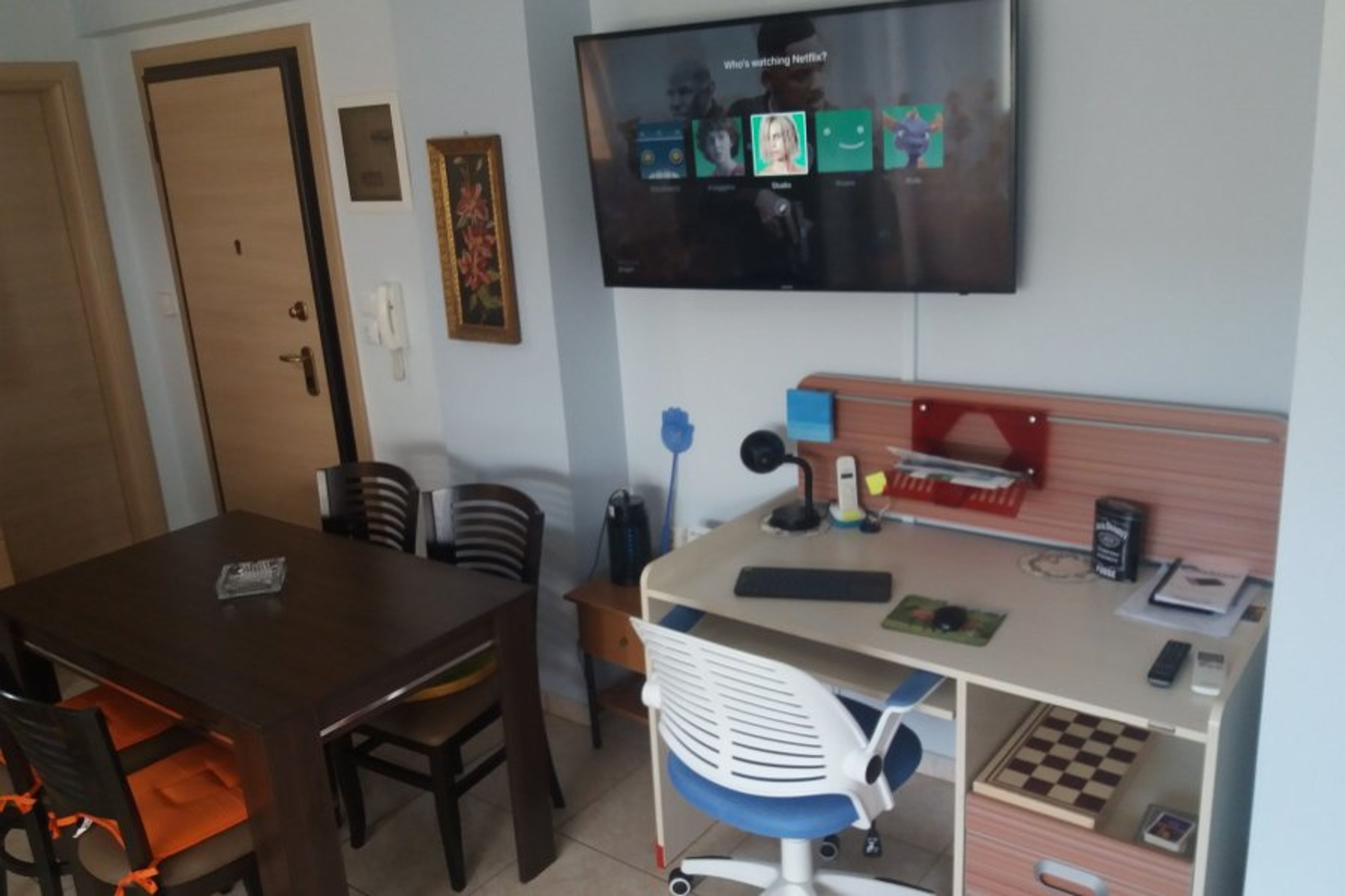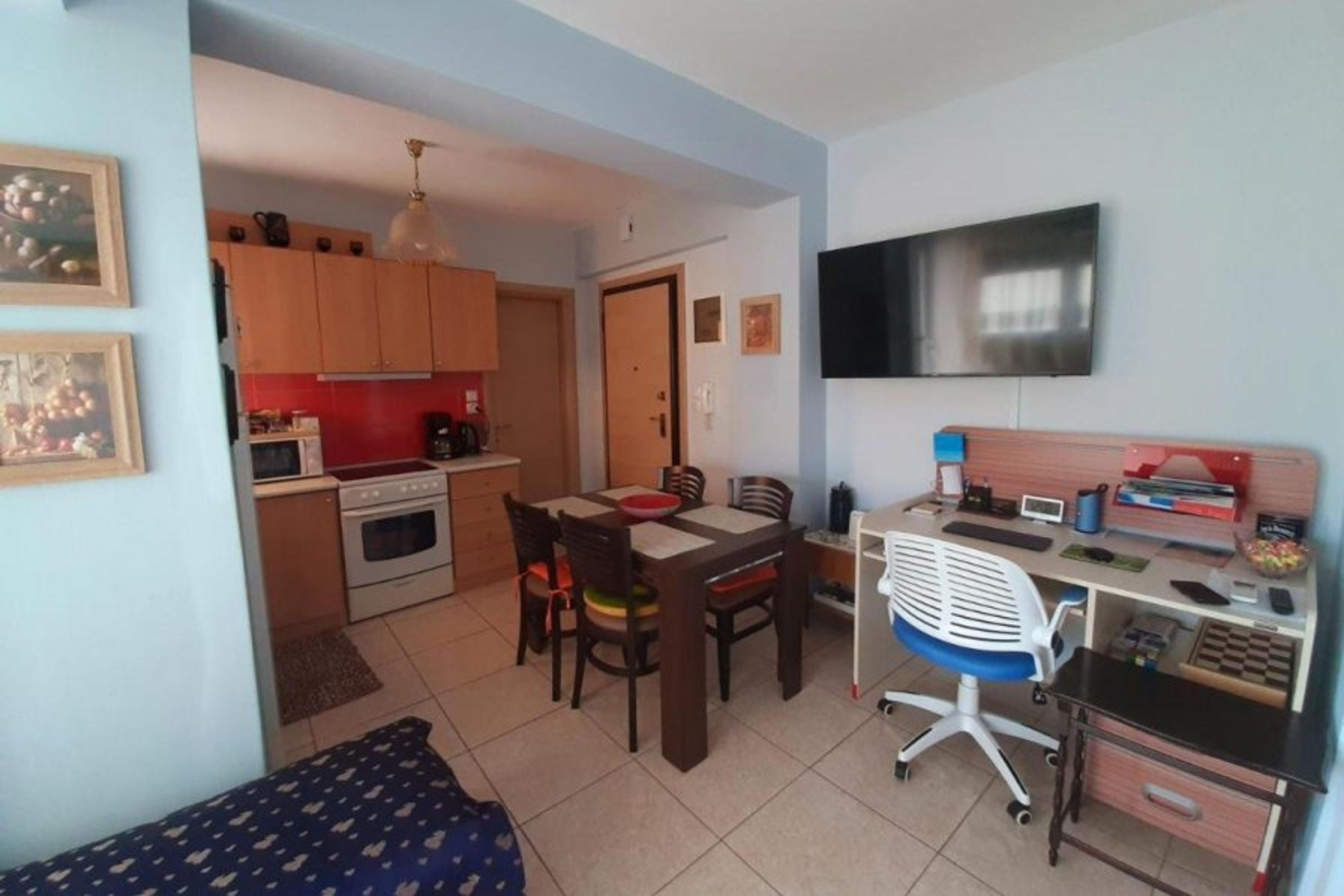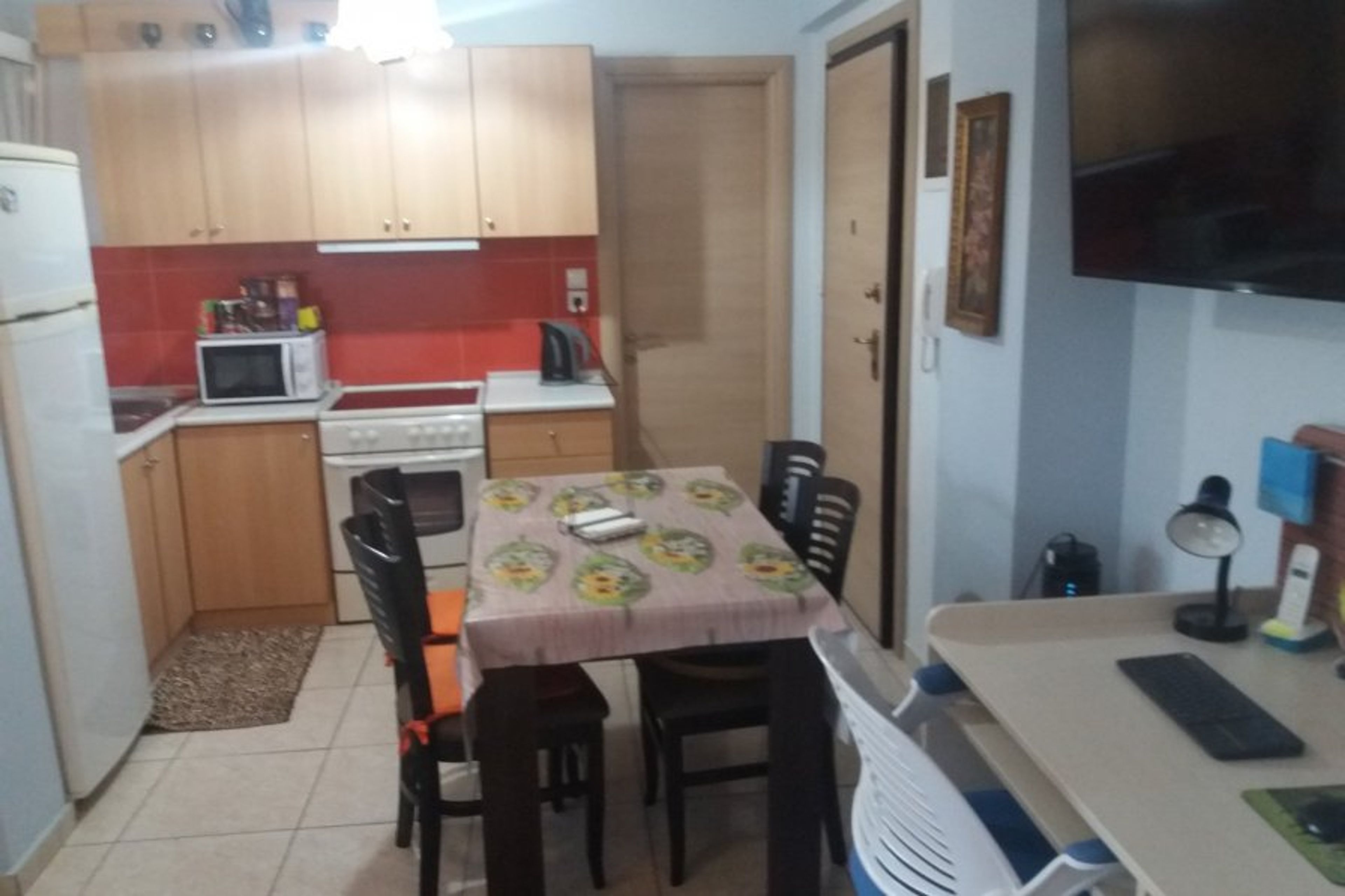 (Internet fiber 100Mbps) Studio 45 sqm fully furnished with 50 and 36 "smart TV with WiFi + Netflix, tablet, Hc kitchen, fridge, microwave, washing machine, water boiler, toaster, coffee maker, espresso, desk, balcony with view, Neighborhood 8 minutes from the center on foot ideal for couples with two children Wonderful views of the city, bus stop 50 meters, distance to the center of Kavala by car 2 min.Fresh water 24 hours a day private parking for your car next to you.A beautiful studio on the ground floor of a privately owned building in a quiet neighborhood of Kavala. Ideal for a couple with one but two children. Smokers are allowed. Unlimited hot water. Bath with a view of the city center. Air conditioning and a fan. Private car parking.The house even though ground floor overlooks the city center the arches and the Castle The proximity to the city center (8 minutes walk) and the tranquility of the area is a combination that is definitely ideal.
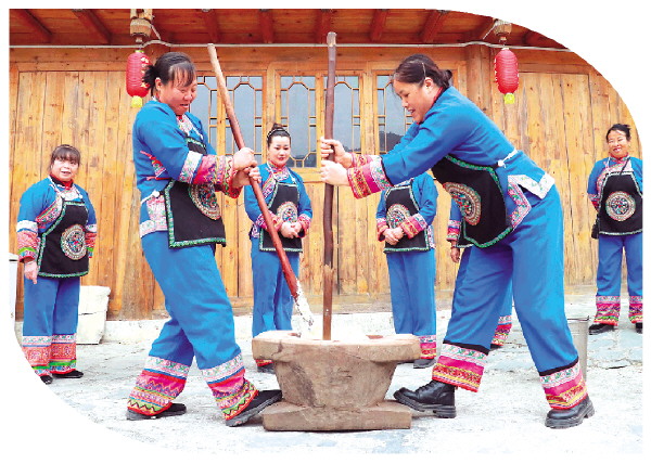 阿嫂们围在一起打糍粑。
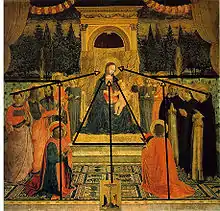 The San Marco Altarpiece depicts a portrait of the Virgin and Child seated on a throne surrounded by saints and angels. The formal elements are innovative for a contemporary Virgin and Child altarpiece as the positioning of the characters creates a deeply receding and logical space in front of the landscape background. The pomegranate embroidered curtain behind the Virgin and Child establishes a distinct horizontal line separating the events depicted in the painting from the landscape behind it. The altarpiece is situated on the then newly invented single rectangular panel, which helps turn a typical easel painting into the principal image of the altarpiece.[8] Representing the figures set within a coherent pictorial space was also a new technique Angelico employed.[3] While partially covered by the saints and angels, there is a definite line created by the carpet's receding squares in the foreground adding depth to the painting. Angelico's use of space is exceptional as he creates a sense of balance on both sides of the Virgin and Child, but also leaves available space on the carpet approaching the Virgin and Child so the viewer does not feel blocked or overwhelmed. This symmetry and order would allow worshippers to clearly view the painting from afar.
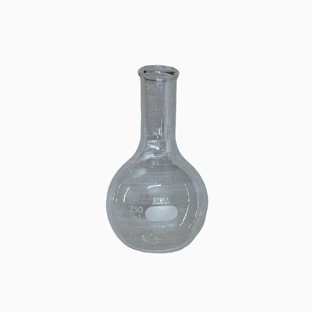 "Matraz de ebullición redondo fondo plano ( Florencia ) cuello largo capacidad 250 mL. Dimensiones 82 mm diámetro x 134 mm altura. Fabricado con vidrio borosilicato."
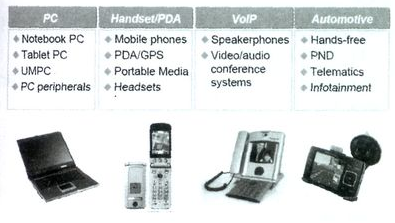 數(shù)字ECM或MEMS傳聲器和傳統(tǒng)的ECM傳聲器相比,有著不可取代的優(yōu)勢(shì)。首先,移動(dòng)設(shè)備向小型化數(shù)字化發(fā)展,急需數(shù)字拾音器件和技術(shù)與之配套;第二,數(shù)字設(shè)備包含的功能單元越來(lái)越多,如筆記本式計(jì)算機(jī),集成了藍(lán)牙和WiFi無(wú)線功能,傳聲器的安裝位置距離這些干擾源很近,設(shè)備對(duì)傳聲器抗干擾性能的要求越來(lái)越高;第三,隨著三網(wǎng)合一的發(fā)展,需要上網(wǎng)、視頻和語(yǔ)音傳輸可以同時(shí)進(jìn)行,這在移動(dòng)設(shè)備中通常會(huì)遇到環(huán)境背景噪聲和線路回聲的影響;第四,從提高生產(chǎn)效率的角度考慮,希望對(duì)傳聲器元件采用SMT工藝焊接組裝。數(shù)字傳聲器尤其是具有集成電路本質(zhì)的微機(jī)電( MEMS)數(shù)字傳聲器更加適合SMT焊接組裝工藝,為了解決系統(tǒng)各種射頻干擾對(duì)語(yǔ)音通信產(chǎn)生的噪聲,數(shù)字傳聲器尤其適用于通過(guò)算法編程達(dá)到陣列拾音技術(shù)的實(shí)現(xiàn),對(duì)于抑制環(huán)境背景噪聲和消除通話時(shí)的線路回聲方面具有突出的技術(shù)優(yōu)勢(shì),數(shù)字傳聲器輸出接口格式同數(shù)字處理系統(tǒng)具有高度的接口兼容性。數(shù)字傳聲器的應(yīng)用見(jiàn)圖7~8.
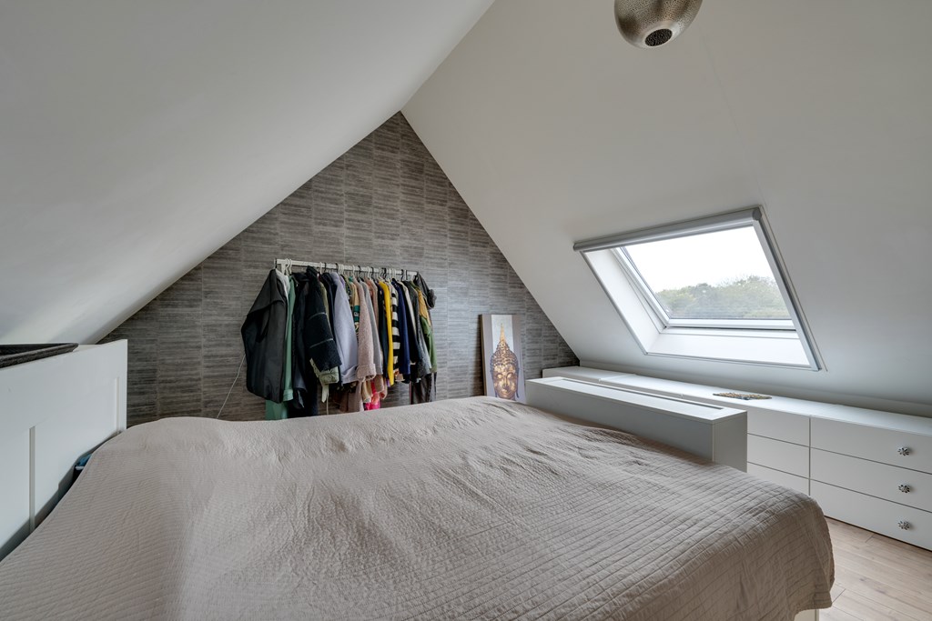De tweede verdieping beschikt over een volwaardige kamer met Velux dakraam, geschikt als slaapkamer, werkkamer of hobbyruimte. Daarnaast is hier de wasmachine- en drogeropstelling gesitueerd.
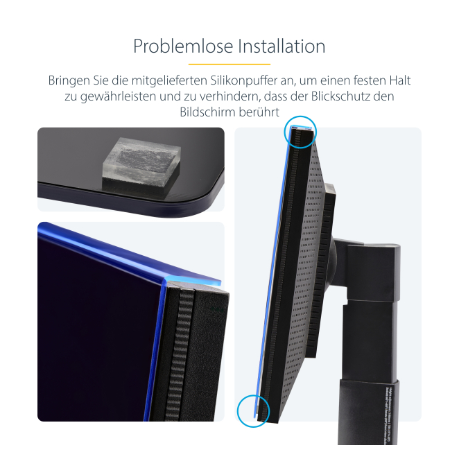 El StarTech.com Filtro de Privacidad para Monitor de 24 pulgadas es fácil de usar e instalar. Gracias a su diseño colgante, puede montarse y desmontarse rápidamente sin necesidad de herramientas adicionales. Los topes de silicona aseguran que el filtro permanezca en su lugar sin deslizarse, incluso durante el uso prolongado. Además, la reducción de la luz azul mejora significativamente el confort visual, permitiendo trabajar durante más tiempo sin experimentar fatiga ocular. La brillante superficie del filtro también garantiza una imagen nítida y clara, mejorando la usabilidad y la eficiencia en el trabajo diario.
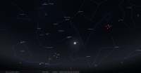 - A 14h42, la Lune est conjointe à Pluton dans le plan équatorial, la planète naine 1°30’ au Nord ; élongation solaire de Pluton 178° Ouest
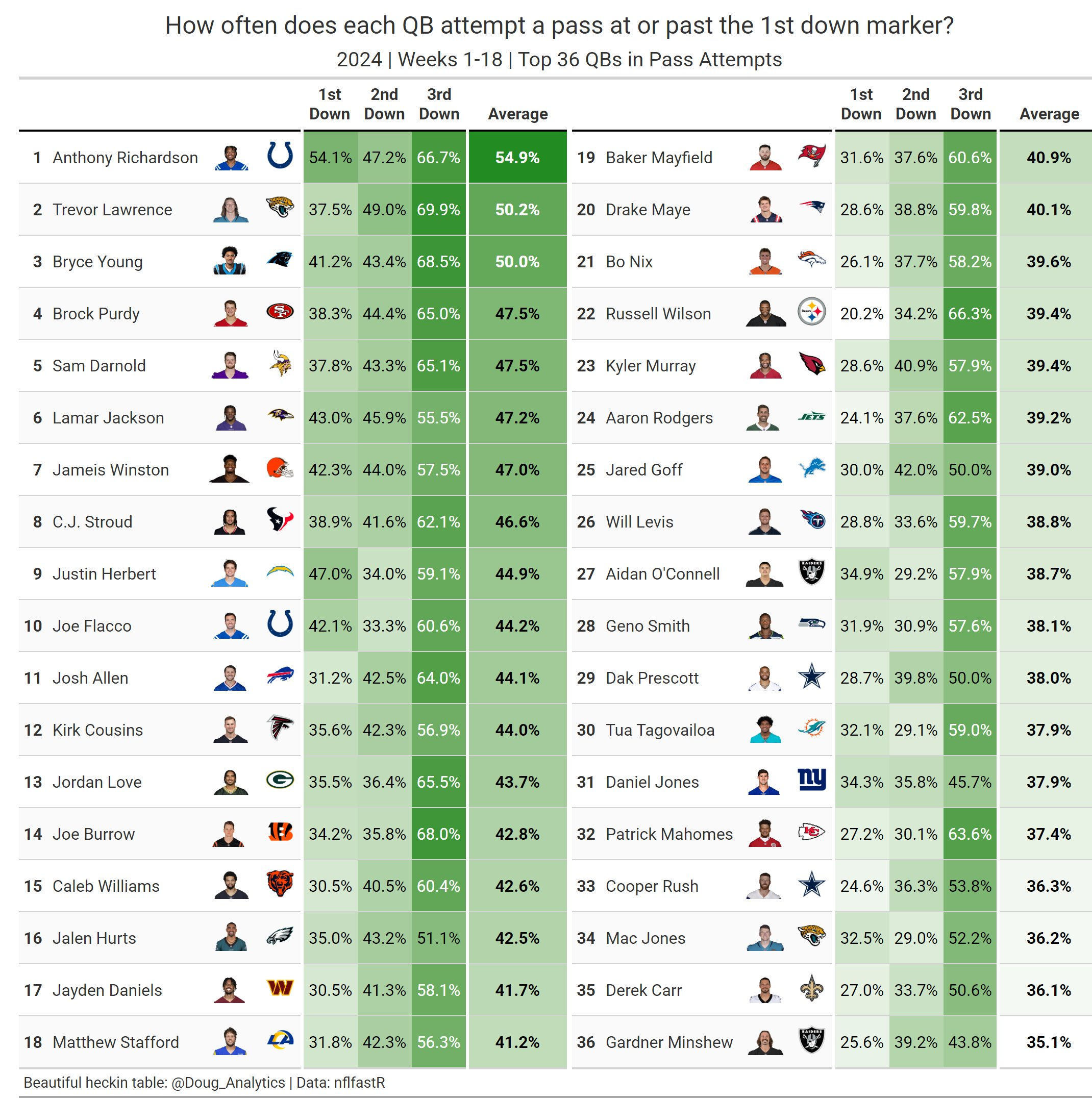 Une autre caractéristique de Winston est qu’il va souvent privilégier le jeu long au jeu court. Comme l’a partagé Doug Analytics, l’an passé il était 7ème de la ligue sur 36 joueurs en pourcentage de passes qui dépassent le marqueur de premier down. Regardez où se situait notre bon vieux Daniel Jones… 31ème ! En terme d’agressivité, la différence est flagrante.

■ To do ■
Return the whole listing exactly, minus its pictures.

■ Response for this exercise ■
 (Internet fiber 100Mbps) Studio 45 sqm fully furnished with 50 and 36 "smart TV with WiFi + Netflix, tablet, Hc kitchen, fridge, microwave, washing machine, water boiler, toaster, coffee maker, espresso, desk, balcony with view, Neighborhood 8 minutes from the center on foot ideal for couples with two children Wonderful views of the city, bus stop 50 meters, distance to the center of Kavala by car 2 min.Fresh water 24 hours a day private parking for your car next to you.A beautiful studio on the ground floor of a privately owned building in a quiet neighborhood of Kavala. Ideal for a couple with one but two children. Smokers are allowed. Unlimited hot water. Bath with a view of the city center. Air conditioning and a fan. Private car parking.The house even though ground floor overlooks the city center the arches and the Castle The proximity to the city center (8 minutes walk) and the tranquility of the area is a combination that is definitely ideal.
 阿嫂们围在一起打糍粑。
 The San Marco Altarpiece depicts a portrait of the Virgin and Child seated on a throne surrounded by saints and angels. The formal elements are innovative for a contemporary Virgin and Child altarpiece as the positioning of the characters creates a deeply receding and logical space in front of the landscape background. The pomegranate embroidered curtain behind the Virgin and Child establishes a distinct horizontal line separating the events depicted in the painting from the landscape behind it. The altarpiece is situated on the then newly invented single rectangular panel, which helps turn a typical easel painting into the principal image of the altarpiece.[8] Representing the figures set within a coherent pictorial space was also a new technique Angelico employed.[3] While partially covered by the saints and angels, there is a definite line created by the carpet's receding squares in the foreground adding depth to the painting. Angelico's use of space is exceptional as he creates a sense of balance on both sides of the Virgin and Child, but also leaves available space on the carpet approaching the Virgin and Child so the viewer does not feel blocked or overwhelmed. This symmetry and order would allow worshippers to clearly view the painting from afar.
 "Matraz de ebullición redondo fondo plano ( Florencia ) cuello largo capacidad 250 mL. Dimensiones 82 mm diámetro x 134 mm altura. Fabricado con vidrio borosilicato."
 數(shù)字ECM或MEMS傳聲器和傳統(tǒng)的ECM傳聲器相比,有著不可取代的優(yōu)勢(shì)。首先,移動(dòng)設(shè)備向小型化數(shù)字化發(fā)展,急需數(shù)字拾音器件和技術(shù)與之配套;第二,數(shù)字設(shè)備包含的功能單元越來(lái)越多,如筆記本式計(jì)算機(jī),集成了藍(lán)牙和WiFi無(wú)線功能,傳聲器的安裝位置距離這些干擾源很近,設(shè)備對(duì)傳聲器抗干擾性能的要求越來(lái)越高;第三,隨著三網(wǎng)合一的發(fā)展,需要上網(wǎng)、視頻和語(yǔ)音傳輸可以同時(shí)進(jìn)行,這在移動(dòng)設(shè)備中通常會(huì)遇到環(huán)境背景噪聲和線路回聲的影響;第四,從提高生產(chǎn)效率的角度考慮,希望對(duì)傳聲器元件采用SMT工藝焊接組裝。數(shù)字傳聲器尤其是具有集成電路本質(zhì)的微機(jī)電( MEMS)數(shù)字傳聲器更加適合SMT焊接組裝工藝,為了解決系統(tǒng)各種射頻干擾對(duì)語(yǔ)音通信產(chǎn)生的噪聲,數(shù)字傳聲器尤其適用于通過(guò)算法編程達(dá)到陣列拾音技術(shù)的實(shí)現(xiàn),對(duì)于抑制環(huán)境背景噪聲和消除通話時(shí)的線路回聲方面具有突出的技術(shù)優(yōu)勢(shì),數(shù)字傳聲器輸出接口格式同數(shù)字處理系統(tǒng)具有高度的接口兼容性。數(shù)字傳聲器的應(yīng)用見(jiàn)圖7~8.
De tweede verdieping beschikt over een volwaardige kamer met Velux dakraam, geschikt als slaapkamer, werkkamer of hobbyruimte. Daarnaast is hier de wasmachine- en drogeropstelling gesitueerd.
 El StarTech.com Filtro de Privacidad para Monitor de 24 pulgadas es fácil de usar e instalar. Gracias a su diseño colgante, puede montarse y desmontarse rápidamente sin necesidad de herramientas adicionales. Los topes de silicona aseguran que el filtro permanezca en su lugar sin deslizarse, incluso durante el uso prolongado. Además, la reducción de la luz azul mejora significativamente el confort visual, permitiendo trabajar durante más tiempo sin experimentar fatiga ocular. La brillante superficie del filtro también garantiza una imagen nítida y clara, mejorando la usabilidad y la eficiencia en el trabajo diario.
 - A 14h42, la Lune est conjointe à Pluton dans le plan équatorial, la planète naine 1°30’ au Nord ; élongation solaire de Pluton 178° Ouest
 Une autre caractéristique de Winston est qu’il va souvent privilégier le jeu long au jeu court. Comme l’a partagé Doug Analytics, l’an passé il était 7ème de la ligue sur 36 joueurs en pourcentage de passes qui dépassent le marqueur de premier down. Regardez où se situait notre bon vieux Daniel Jones… 31ème ! En terme d’agressivité, la différence est flagrante.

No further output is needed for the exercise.